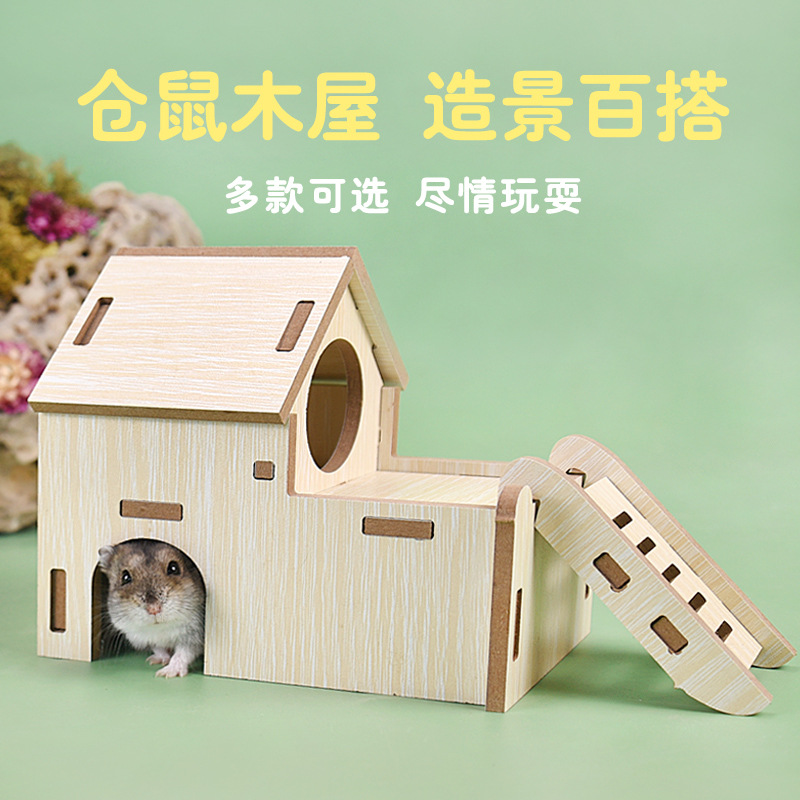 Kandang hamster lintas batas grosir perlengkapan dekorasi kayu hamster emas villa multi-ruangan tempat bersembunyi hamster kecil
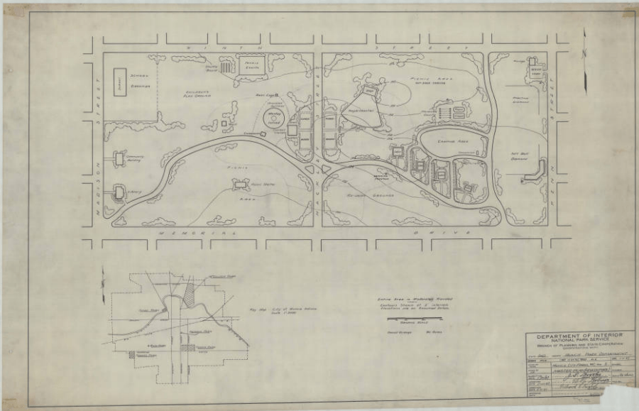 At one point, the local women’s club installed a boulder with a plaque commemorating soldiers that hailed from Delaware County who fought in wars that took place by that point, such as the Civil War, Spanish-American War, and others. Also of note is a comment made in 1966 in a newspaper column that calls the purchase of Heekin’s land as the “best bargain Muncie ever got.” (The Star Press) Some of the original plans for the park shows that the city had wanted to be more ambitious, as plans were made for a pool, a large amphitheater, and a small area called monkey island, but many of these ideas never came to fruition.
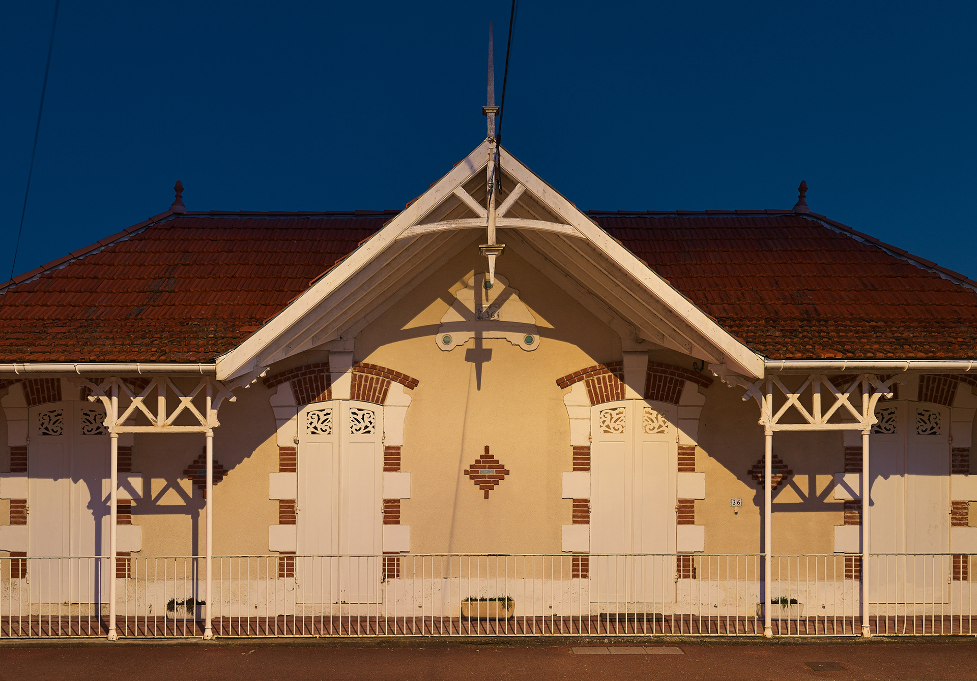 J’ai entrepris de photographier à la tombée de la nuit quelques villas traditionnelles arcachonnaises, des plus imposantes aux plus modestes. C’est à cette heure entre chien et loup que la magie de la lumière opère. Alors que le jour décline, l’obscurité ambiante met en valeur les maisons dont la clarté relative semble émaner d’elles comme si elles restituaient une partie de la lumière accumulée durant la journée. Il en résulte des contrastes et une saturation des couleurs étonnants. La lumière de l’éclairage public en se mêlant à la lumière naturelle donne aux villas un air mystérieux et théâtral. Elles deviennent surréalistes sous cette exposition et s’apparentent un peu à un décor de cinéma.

--

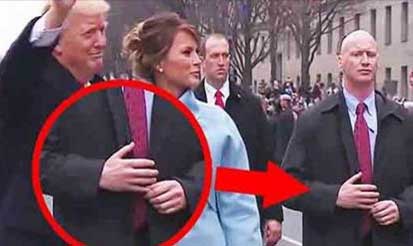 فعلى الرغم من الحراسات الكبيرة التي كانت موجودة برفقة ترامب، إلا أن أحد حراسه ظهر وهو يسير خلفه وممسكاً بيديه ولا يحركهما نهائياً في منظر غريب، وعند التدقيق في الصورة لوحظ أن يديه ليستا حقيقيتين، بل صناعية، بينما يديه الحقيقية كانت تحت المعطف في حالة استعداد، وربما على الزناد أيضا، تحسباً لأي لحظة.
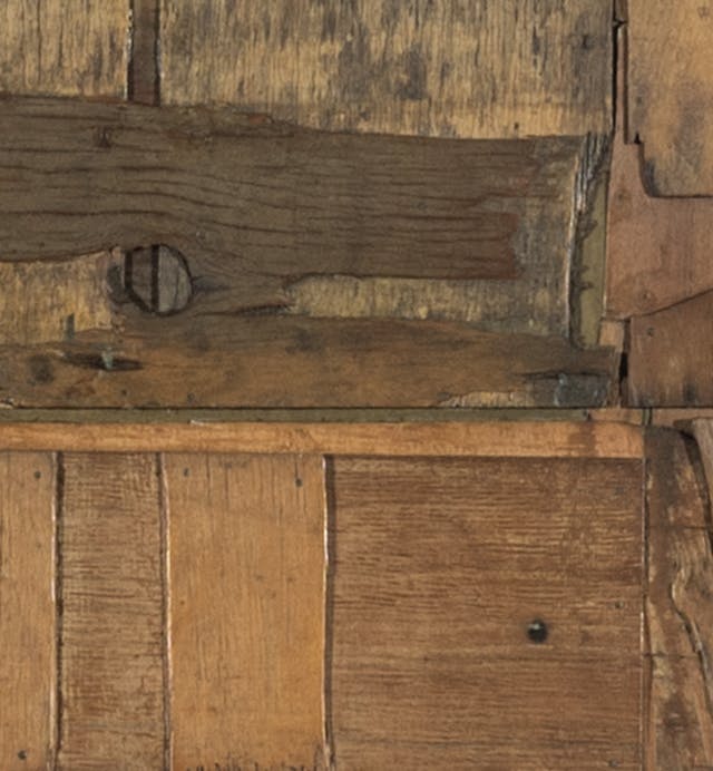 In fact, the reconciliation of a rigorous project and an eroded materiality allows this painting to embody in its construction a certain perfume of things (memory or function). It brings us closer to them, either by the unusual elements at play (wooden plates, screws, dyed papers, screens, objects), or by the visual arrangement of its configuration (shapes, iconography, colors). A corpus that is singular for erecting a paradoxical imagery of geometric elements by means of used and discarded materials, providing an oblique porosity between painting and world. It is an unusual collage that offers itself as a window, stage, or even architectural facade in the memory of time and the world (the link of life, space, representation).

...

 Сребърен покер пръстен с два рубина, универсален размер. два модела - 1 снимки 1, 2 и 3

WORK INSTRUCTION: Within the listing above, find the line containing "فعلى الرغم من" and the line containing "In fact, the". Transcribe them and everything between them exactly, leaving out the pictures.

EXERCISE RESPONSE:
 فعلى الرغم من الحراسات الكبيرة التي كانت موجودة برفقة ترامب، إلا أن أحد حراسه ظهر وهو يسير خلفه وممسكاً بيديه ولا يحركهما نهائياً في منظر غريب، وعند التدقيق في الصورة لوحظ أن يديه ليستا حقيقيتين، بل صناعية، بينما يديه الحقيقية كانت تحت المعطف في حالة استعداد، وربما على الزناد أيضا، تحسباً لأي لحظة.
 In fact, the reconciliation of a rigorous project and an eroded materiality allows this painting to embody in its construction a certain perfume of things (memory or function). It brings us closer to them, either by the unusual elements at play (wooden plates, screws, dyed papers, screens, objects), or by the visual arrangement of its configuration (shapes, iconography, colors). A corpus that is singular for erecting a paradoxical imagery of geometric elements by means of used and discarded materials, providing an oblique porosity between painting and world. It is an unusual collage that offers itself as a window, stage, or even architectural facade in the memory of time and the world (the link of life, space, representation).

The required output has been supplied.